Less common variations you might see

Variation 1: The error appears in a specific app, not at boot

This usually means the app is passing bad parameters to a Windows API. Reinstall the app or update it. If you're a developer, check your CreateFile or DeviceIoControl calls – you're probably mixing FILE_FLAG_ and FILE_ATTRIBUTE_ flags that don't belong together. For example, FILE_FLAG_NO_BUFFERING requires sector-aligned buffers, and if you don't align them, you get this error.

Variation 2: The error appears when running chkdsk or formatting a drive

Here, chkdsk is sending a FSCTL with an invalid combination of parameters. This often means the filesystem driver (ntfs.sys or fastfat.sys) is corrupted. Run sfc /scannow from an elevated command prompt. If that doesn't fix it, run dism /online /cleanup-image /restorehealth. If still broken, you need a repair install of Windows.

Variation 3: The error appears in Event ID 7031 or 7034

This shows as a service crash. Open Event Viewer under Windows Logs > System. Look for the crash event – it'll say something like "The [service name] service terminated unexpectedly." The parameter mix error is logged as the exit code. To fix it, stop the service, delete its registry key under HKLM\SYSTEM\CurrentControlSet\Services\[ServiceName], then reinstall the software that owns the service.

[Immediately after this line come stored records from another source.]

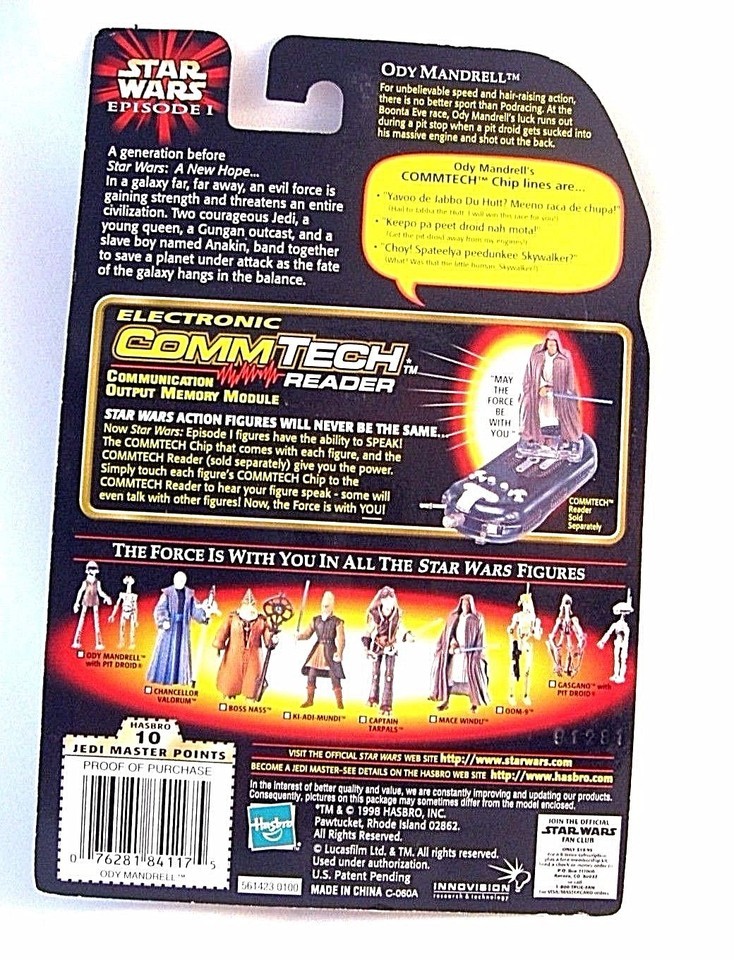STAR WARS CARDED ODY MANDRELL C-7/8 WITH OTOGA 222 PIT DROID+COMM TECH CHIP,NEW
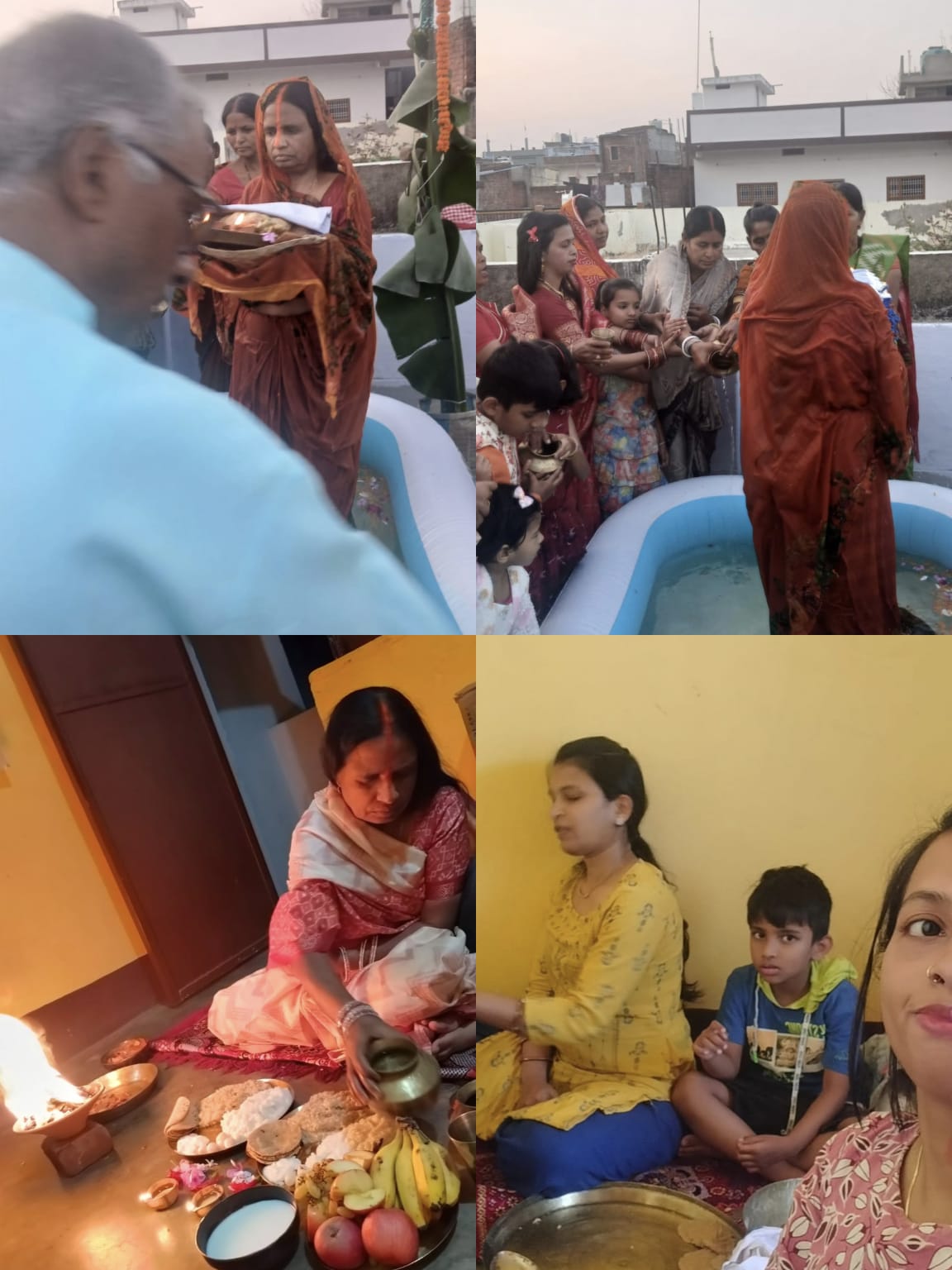 इस अवसर पर परिवार के अन्य परिजनों ने भी पूजा में सक्रिय रूप से भाग लिया। बच्चों और महिलाओं ने मिलकर पूजा की सभी तैयारियों में सहयोग किया। घर के आंगन में बनाए गए अस्थायी कुंड में जल भरकर व्रती महिलाओं ने उसमें खड़े होकर सूर्य देव को अर्घ्य अर्पित किया। इस दौरान आसपास की महिलाओं और बच्चों की मौजूदगी ने माहौल को और भी भक्तिमय बना दिया।
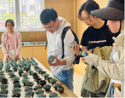 牙舟陶兴于“洪武”,是中国贵州省平塘县牙舟镇的传统手工艺品,于2008年入选国家级非物质文化遗产代表性项目名录。它以其独特的造型、釉色和民族艺术风格,在中国陶瓷界独树一帜。在牙舟陶博物馆,跟随讲解员的脚步,员工们感受着牙舟陶的历史沿革、烧制技艺以及独特魅力。牙舟陶独特的孔雀蓝釉色、冰裂纹、浑然天成的窑变效果以及融合了民族纹样特色的设计,吸引着同学们的目光,同学们也结合自身专业思考如何强化牙舟陶传统技艺与现代市场的古今碰撞,以促进非物质文化遗产的创造性转化和创新性发展。
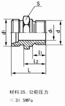 錐密封鋼絲(及棉線)編織膠管總成 錐密封膠管接頭螺紋接頭 錐密封膠管接頭螺紋接頭JB/T(6144.1-2)-92 錐(及 密55° 封非 膠密 管封 接管 頭螺 公紋 制) 螺接 紋頭 標(biāo)記示例(1)公稱通徑 DN6的錐密封膠管接頭55°非密封管螺紋接頭: 錐接頭6/G1/8 (2)公稱通徑DN10,端連接螺紋d=M14×1.5的 錐密封膠管公制螺紋接頭:錐接頭10/M14×1.5 公稱 通徑 DN (a)公制 螺紋 (b)55° 圓錐管 螺紋接頭 (a)、(b) 接頭d d1 do S l1 l2 L 重量 kg 4 M10×1 G1/8 M16×1.5 2.5 18 12 20 31 0.03 6 M10×1 G1/8 M18×1.5 3.5 18 12 20 31 0.04 8 M10×1 G1/8 M20×1.5 5 18 12 21 34 0.06 10 M14×1.5 G1/4 M22×1.5 7 24 14 22 35 0.08 10 M18×1.5 G3/8 M24×1.5 8 27 14 25 39 0.10 15 M22×1.5 G1/2 M30×2 10 30 16 26 40 0.14 20 M27×2 G3/4 M33×2 13 41 18 30 46 0.32 20 M27×2 G3/4 M36×2 17 41 18 37 52 0.56 25 M33×2 G1 M42×2 19 55 20 38 55 0.71 32 M42×2 G11/4 M45×2 24 55 22 41 58 0.78 40 M48×2 G11/4 M56×2 30 60 24 44 63 0.96 50 M60×2 G2 M68×2 40 75 26 50 71 1.14 錐(及 密60° 封非 膠密 管封 接管 頭螺 55°紋公制) 螺接 紋頭 標(biāo)記示例(1)公稱通徑 DN6的錐密封膠管接頭55°非密封管螺紋接頭: 錐接頭6/G1/8 (2)公稱通徑DN10,端連接螺紋d=M14×1.5的 錐密封膠管公制螺紋接頭:錐接頭10/M14×1.5 公稱 通徑 DN (a)55°密封 管螺紋接頭 (b)60°密封 管螺紋接頭 (a)、(b) d l1 d l1 d1 do S l2 L 重量 kg 4 R1/8 4 Z1/8 4.572 M16×1.5 2.5 18 17 29 0.03 6 R1/8 4 Z1/8 4.572 M18×1.5 3.5 18 17 29 0.04 8 R1/8 6 Z1/8 4.572 M20×1.5 5 18 18 30 0.06 10 R1/4 6.4 Z1/4 5.080 M22×1.5 7 24 22 34 0.08 10 R3/8 6.4 Z3/8 6.096 M24×1.5 8 27 24 38 0.10 15 R1/2 8.2 Z1/2 8.128 M30×2 10 30 27 41 0.14 20 R3/4 9.5 Z3/4 8.611 M33×2 13 41 28 44 0.32 20 R3/4 9.5 Z3/8 8.611 M36×2 17 41 38 56 0.56 25 R11 10.4 Z11 10.16 M42×2 19 55 39 59 0.71 32 R111/4 12.7 Z111/4 10.66 M45×5 24 55 44 64 0.78 40 R111/2 12.7 Z111/2 10.66 M56×2 30 60 46 68 0.96 50 R12 15.9 Z12 11.07 M68×2 40 75 1.14 膠 管 接 頭 推 薦 長度(參考) 裝配長L 320 360 400 450 500 560 630 710 800 900 1000 1120 1250 1400 偏差 +20 0 +25 0 +30 0 裝配長L 1600 1800 2000 2240 2500 2800 3000 4000-5000 ≥5000 偏差 +40 0 +50 0 上一條 雙向接頭體、焊接接頭體 錐密封鋼絲編織膠管總成 下一條 其它管接件
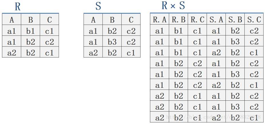 假设有关系R和S,则R和S的笛卡尔积结果如下:
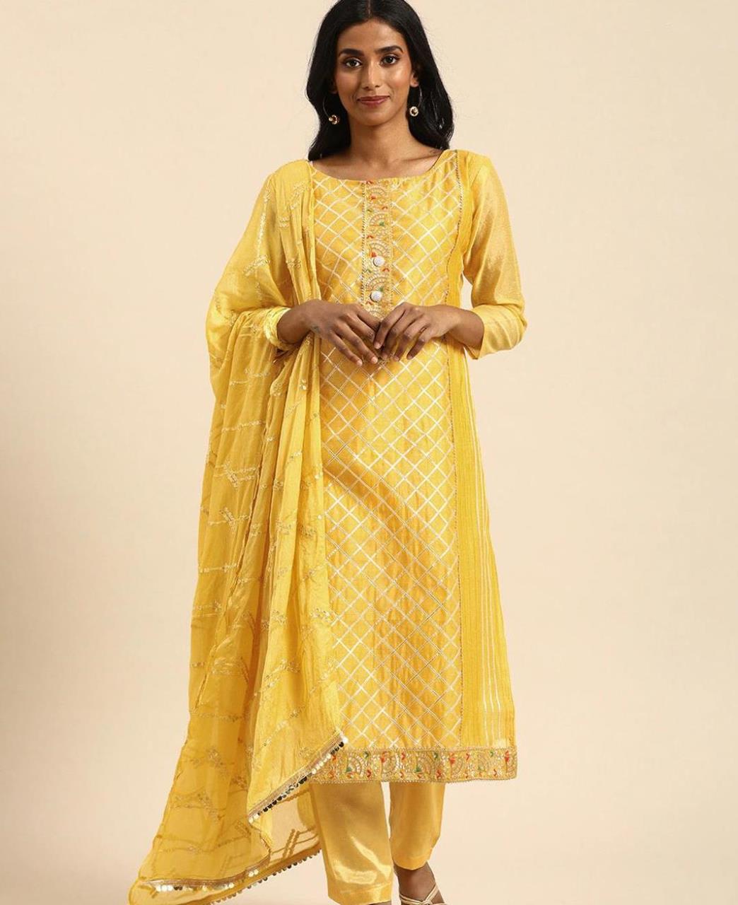 Normally size is measured between the underarm stitching lines from the stressed kameez.
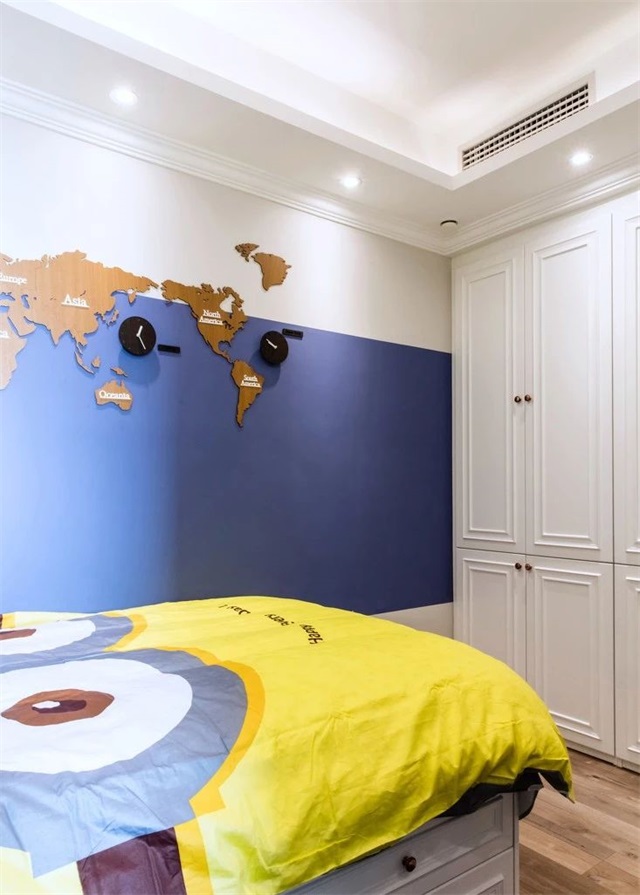 儿童房采用了和客厅墙同样的处理手法,床柜一体的家具提供了大量的收纳空间,还腾出了学习区的布置空间。
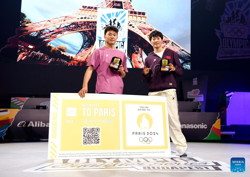 Chinese breakdancer Qi Xiangyu (L) and Zeng Yingying pose for photos at the Olympic Qualifier Series in Budapest, Hungary, June 23, 2024. (Xinhua/Cao Can)
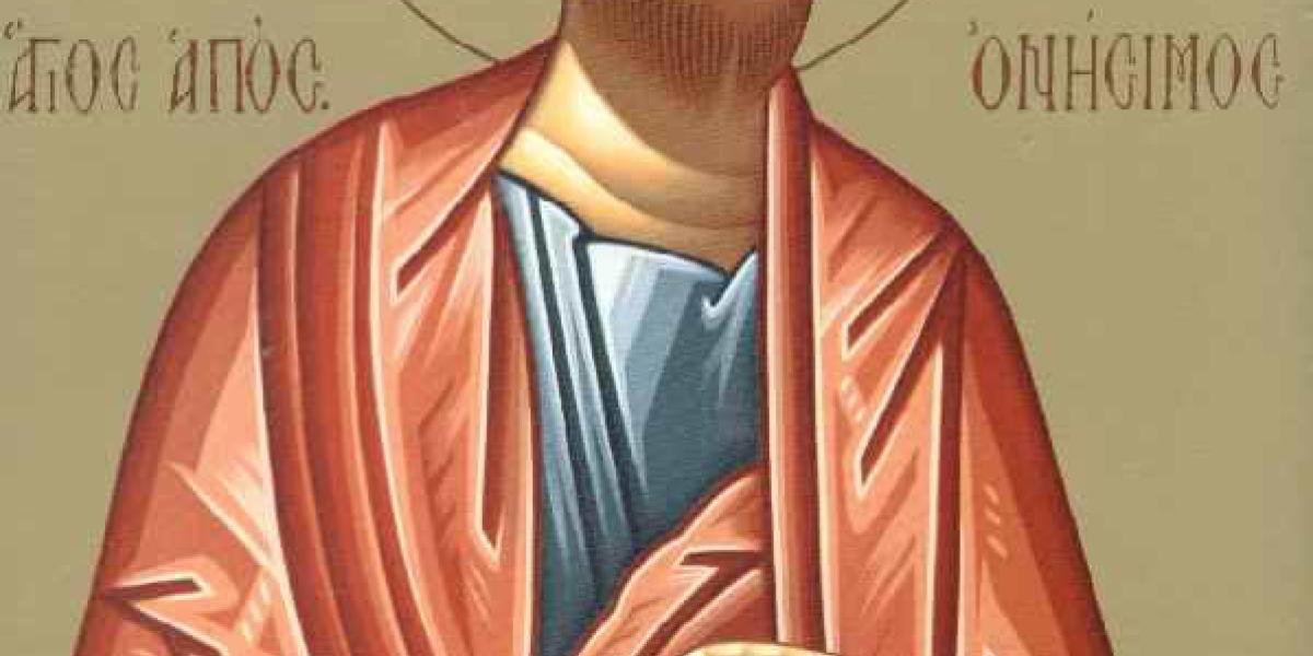 Sfântul Apostol şi Mucenic Onisim a fost unul din cei 70 de Apostoli ai Mântuitorului Iisus Hristos trimişi la propovăduire. În tinereţe, Onisim a fost rob al lui Filimon, un creştin înstărit din cetatea Colose. Greşindu-i stăpânului, Onisim a fugit la Roma, unde a fost întemniţat alături de Sfântul Apostol Pavel. De la Pavel, “Apostolul neamurilor”, a auzit pentru prima dată Onisim Evanghelia mântuirii şi tot de la el a primit Sfântul Botez. Sfântul Apostol Pavel fusese cel care îl adusese, mai înainte, pe Filimon la dreapta-credinţă, astfel că a mijlocit împăcarea între acesta şi robul Onisim. Ne stă mărturie epistola Sfântului Apostol Pavel către Filimon, care constituie cea mai scurtă carte cuprinsă în Sfânta Scriptură. În urma acestei epistole, Filimon l-a primit pe Onisim ca pe un frate, eliberandu-l apoi din robie.
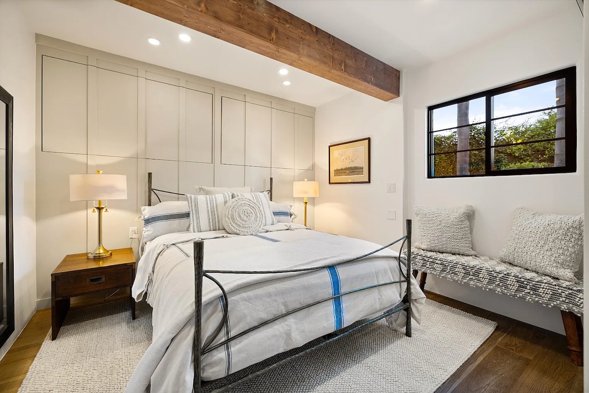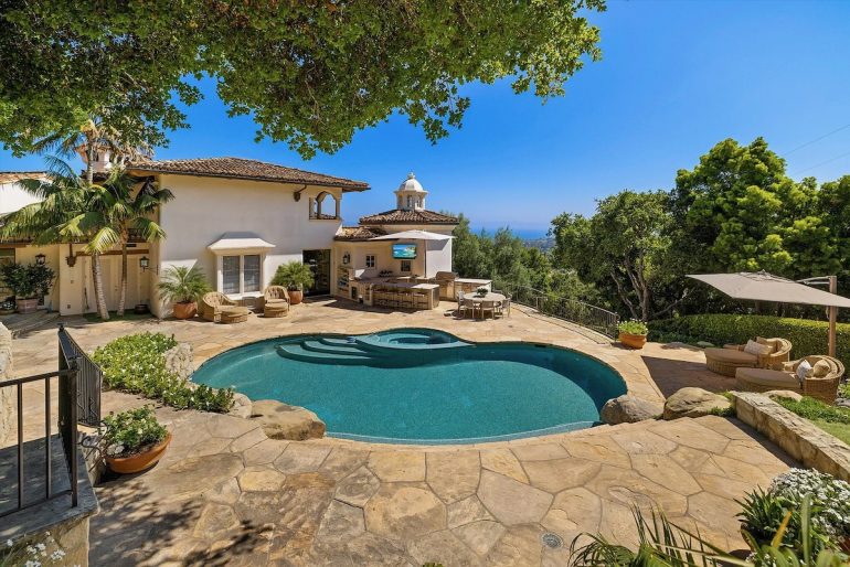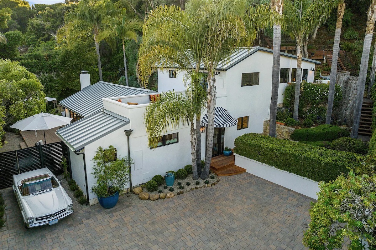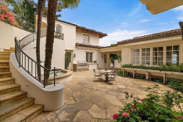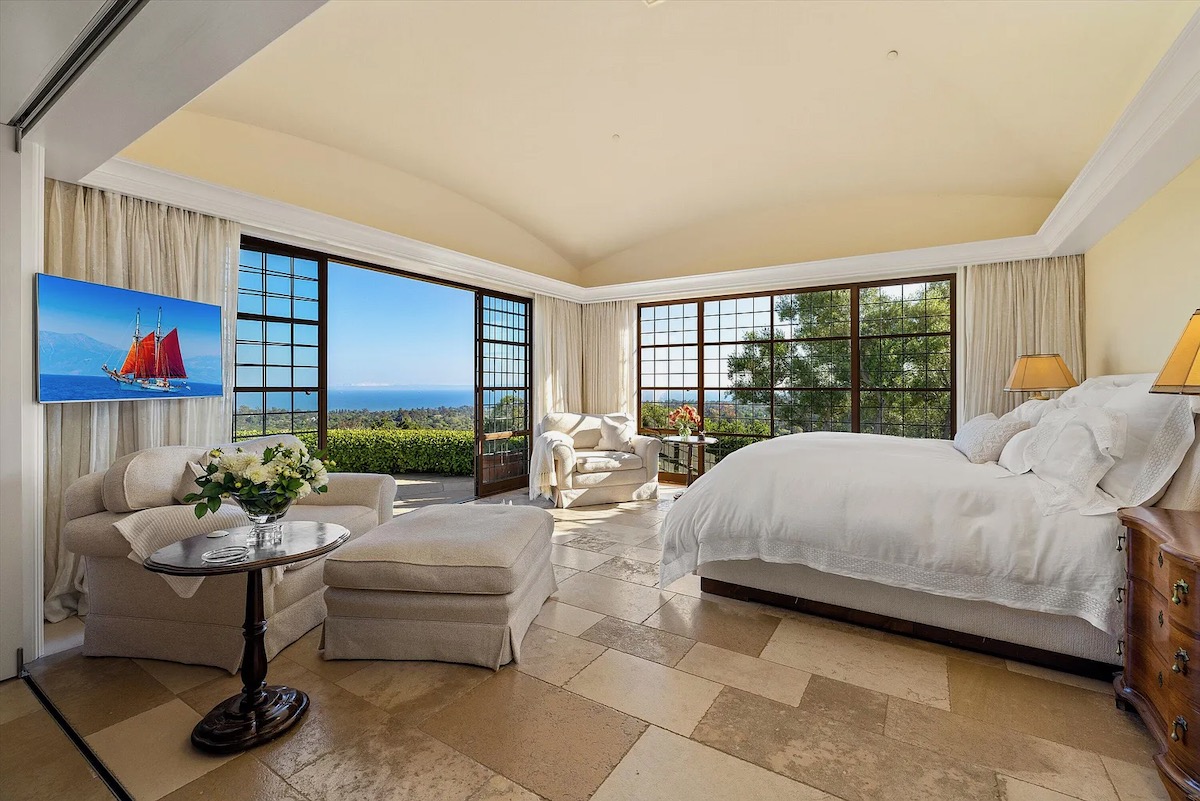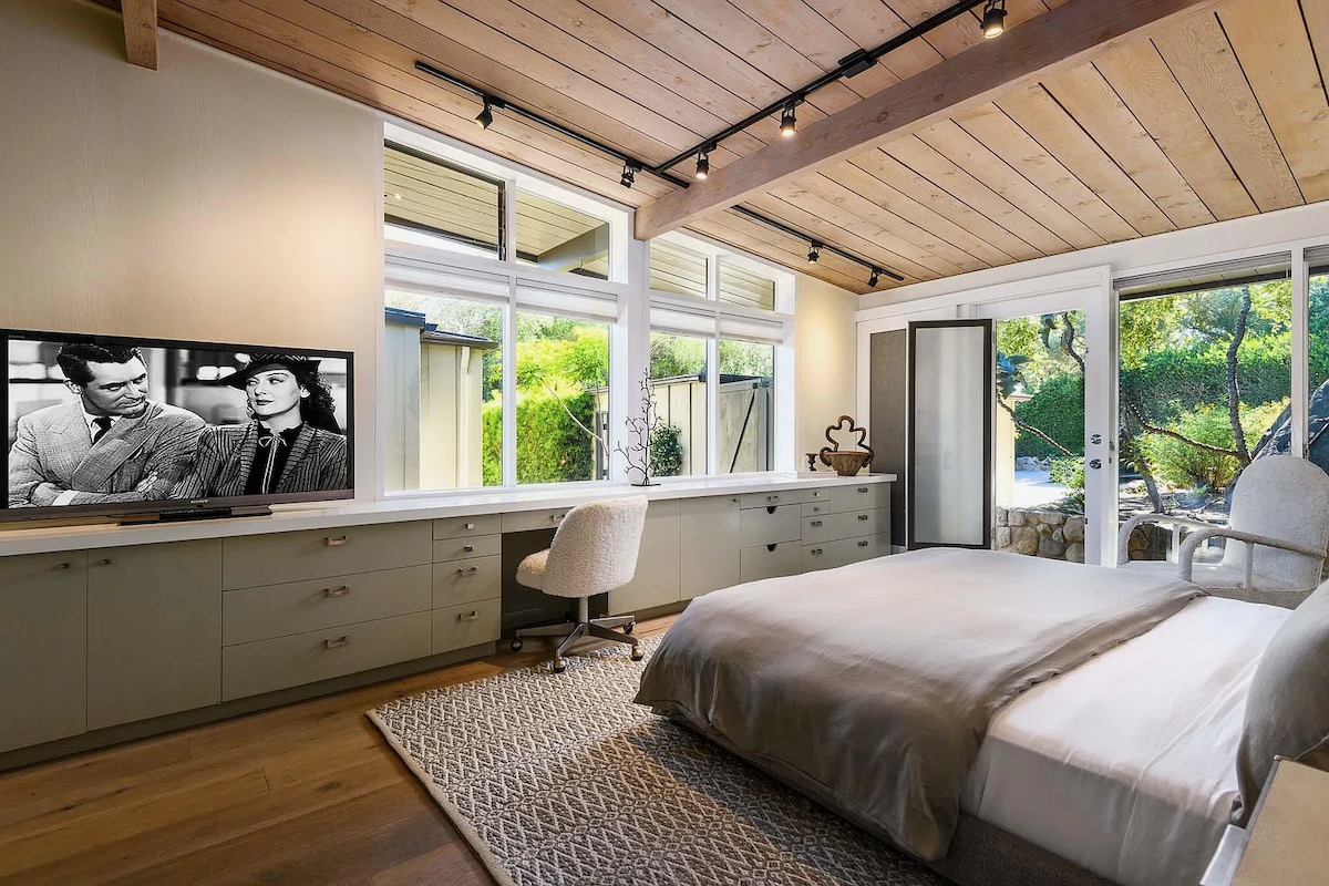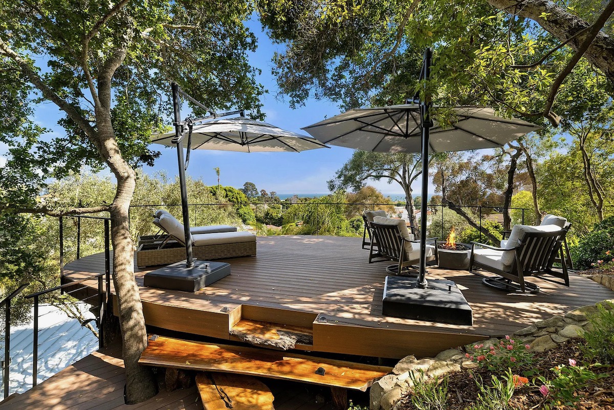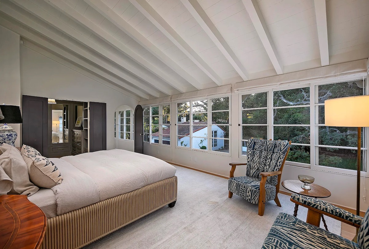 You’d think that one significant appeal of 1274 Eleven Oaks Lane ($6.7 million), directly behind Los Arroyos restaurant on Coast Village Road, would be the proximity to the many dining options a short walk away. And yet someone thought the house needed four kitchens—one on each level inside, and two outside. The interiors have panache, although I’m curious about how the cabinets above the primary bed work and why you’d want to block the lone window in that guest room. Up the hill behind the house is a cool deck.

Preventing this from coming back

The root cause is almost always a driver update gone wrong or a registry cleaner that deleted something it shouldn't. To avoid it:

  • Never use registry cleaners – they strip out parameters that look unused but are defaults for a reason.
  • Only install drivers from the manufacturer's site, not from Windows Update. Windows Update often pushes generic drivers that have different parameter expectations than the OEM's custom driver.
  • Keep a system restore point before any driver update. If you get the error, roll back to the restore point and you're done in 2 minutes.
  • If you're a developer, test your API calls with invalid parameter combinations during development. The kernel's validation is strict – a flag that's valid in one context might be invalid in another. The function RtlValidateUnicodeString is a common source of this error in kernel-mode code.

That's it. If none of this works, you're looking at a deeper corruption – run chkdsk /f /r on your system drive, then a repair install if that doesn't help. But for 90% of cases, the driver uninstall in Safe Mode is your fix.